We built one using the wheels i bought for my treelounge.We bowhunt in the suberbs of cincy,no quads allowed.I would say the best thing we have used,except for quads to get deer out.If you have real steep hills it is still drag time till you get them to a place to use the cart again.What a life saver!!!Daryl looks alot like the ones in basspro or cabelaes


----------



## Carpn

Umm...I use a rope.....


----------



## Procraftboats21

I use a game cart, same as the ones you see in Cabelas, Redhead, etc except my buddy welded it up, saved me from spending 100 bucks. Works great!


----------



## ARGEE

I Use A Garden Wagon..has Big Wheels And Goes Over Dead Wood Great.also Works Great For Yard Work..it Does Work But I Dont...lol....


----------



## Lundy

I use my 24 year old, big, strong son.

Most of the areas on the farm we hunt don't require any really long drags to get them to vehicle access. We do have two areas that you really need to think long and hard about killing a deer in there. We have pulled a few out of there over the years and it is no fun at all and at least a 3 person job, it's way too steep. It's hard to just walk out, much less dragging a deer.

I've heard that those roll up plastic sheets that are made for dragging deer work pretty well but have no first hand experience.

good luck


----------



## Lil' Rob

I was thinking about getting one of those carts to get the deer out this year. From what a few of you have said, though, they don't appear to be the answer in hilly terrain. An ATV would be perfect, except I don't have the cash for one, nor the room to store it right now.

I am curious and would pose a guess.....having the deer on the cart going up and down hills and over logs is really no different effort-wise, than just dragging them under the same conditions. Is this a correct statement?

The area I hunt where I was considering using a cart is all downhill into the property and all uphill getting out. Unless you are 20-something years old or are in exceptional physical shape, just walking out is an effort. My buddy and I dragged 3 does (2 the same day) and a 13 pointer out of there last season...it was not fun at all.

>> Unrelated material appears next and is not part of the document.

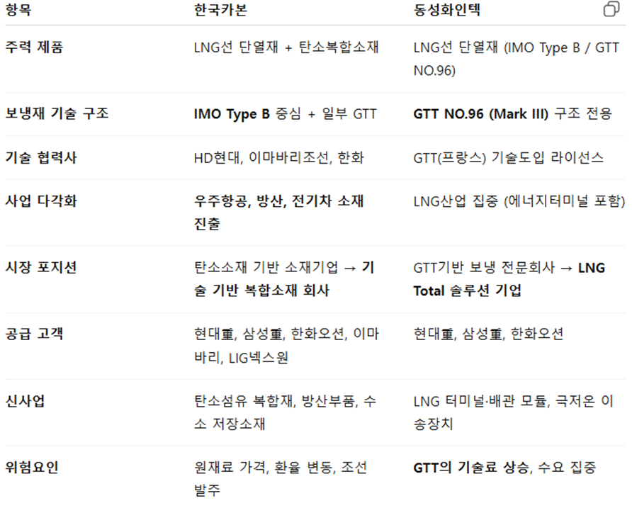 A4). 동성화인텍은 LNG업황과 GTT기술계약에 민감한 순수 LNG인프라 기업이며, 한국카본은 LNG 단열재에 더해 방산, 전기차, 우주항공 소재로의 다변화를 통해 장기 성장 기반이 더 넓습니다.
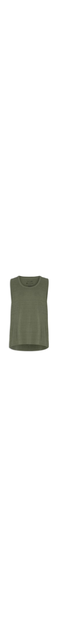 A regata verde é confeccionada em tecido misto de algodão efeito canelado, com alta elasticidade. A peça solta ao corpo possui gola redonda, alças largas, comprimento alongado, e barra com acabamento corte a fio.

Any input, advice, or suggestions are appreciated.


----------



## Onion

Sounds like you are hunting the same land I am Rob. The problem I think I would have with the wheeled carts is how much room they take up. I hunt 3 hours from during gun season and have very little room in the truck after packing food and everything else for a week's stay in an unheated house  

I think I am gonna try a homemade sled I can break down into a few pieces. PVC will probably be the frame using some kind of pin to hold it together instead of glue.


----------



## H2O Mellon

I dont know, man deer hunting sure sounds liek a lot of work!

I'm not sure why we're even discusing this, half of us wont even get a big deer anyways!


----------



## Lil' Rob

I believe some of the cart models from BassPro or Cabelas will at least fold down, thus not taking up too much room in the back of a truck. As heavy as they are though, I would not want to haul that thing on my back as I am getting to a stand or blind! As is, I am usually carrying a climber, along with a small backpack with snacks, water, rain gear, etc. I doubt I would even have enough room for some type of home-made sled, as described by "Onion". This would then force you to return to the truck to get the cart, after shooting a deer, and then having to get back to the deer. That adds at least 40 minutes of time eaten up for me, which could lead into darkness. A lot of pros and cons regarding this. I'll probably wind up saying the heck with it. 

H2O Mellon...I don't have any problem harvesting smaller, medium sized does. I agree, most of us will not even see a monster. I am mainly hunting for the meat, not a trophy, and the meat off smaller does tastes better than that of a bigger, older buck. The property I hunt is all uphill to get out, just trying to find a way to save my back. I've tried using a drag rope, as opposed to just grabbing the deer and dragging, and both are equally strenuous on this property.


----------



## Header

When I first started I modified a nylon mesh horse hardness for a belt and another strap for around the deers head. Then used a looped cable to connect the to belts, pulled and dragged without any arm effort. Also it fit into my backpack easily. After which I used a 2 bicycle wheeled cart which I still use when ATVs are not aloud.


----------



## bkr43050

I use my safety harness and strap to the deer's antlers or head. Then as Header said it does not take the arm effort. If there are hills you are able to grab trees, rocks, or whatever to help yourself along. Fortunately, I have only shot a very few that were considerable dragging distance from vehicle access.


----------



## Procraftboats21

> I am curious and would pose a guess.....having the deer on the cart going up and down hills and over logs is really no different effort-wise, than just dragging them under the same conditions. Is this a correct statement?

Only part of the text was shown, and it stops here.